Visiting scholar returning home

Grad student to use KU studies to start anthropology program

A graduate student from the Kyrgyz Republic is leaving Kansas University today in hopes of starting an anthropology curriculum at home for Manas University in Bishkek, the republic’s capital.

Aigerim Diykhanbaeva was sent to Kansas University for a month by the Open Society Institute through its mentoring program, Central Asian Research Initiative.

Arienne Dwyer, mentor for Diykhanbaeva at Kansas University, said the program paired talented students with mentors in the United States.

Diykhanbaeva is a doctoral candidate in Kyrgyz folklore, specifically shamanism in epics and legends, at Aegean University in Izmir, Turkey. Diykhanbaeva also is a lecturer on Kyrgyz folklore at Manas. Anthropology is new to the Kyrgyz Republic, and Diykhanbaeva was interested in bringing a field methodology course to Manas. She hopes to expand the curriculum in the future, she said.

During her stay in Lawrence, Diykhanbaeva attended anthropology classes, faculty meetings and worked with Dwyer on field methodology.
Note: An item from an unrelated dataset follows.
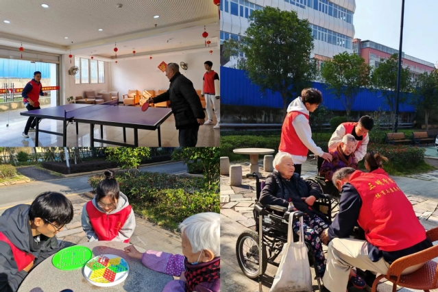 此外,志愿者们与老人们打兵乓球、下棋、晒太阳、听诉老人讲故事......全身心投入到此次活动当中,向老人们传递爱与温暖。

Dwyer also assisted Diykhanbaeva with fieldwork skills, using technology on campus, and acted as a go-between for introductions to staff and people in Diykhanbaeva’s field of study.

Diykhanbaeva said her experience at Kansas University was fruitful.

“I learned the culture of American people — students’ life on campus, for example. I gained lots of materials, lots of books and monographs,” Diykhanbaeva said.

Paul D’Anieri, director of Russian and East European studies, said Kansas University was looking into starting an exchange program with Manas.

D’Anieri said KU had a faculty exchange program with the Kyrgyz Republic in the mid-1990s, then known as Kyrgyzstan, but it was a three-year funded program and didn’t receive a renewal, so the program was dropped.

Aigerim Diykhanbaeva will return to her country, the Kyrgyz Republic after a monthlong visit to Kansas University to study anthropology and to return with curriculum to the university where she teaches.

If the new program comes through, D’Anieri said he hoped the results would be better this time around.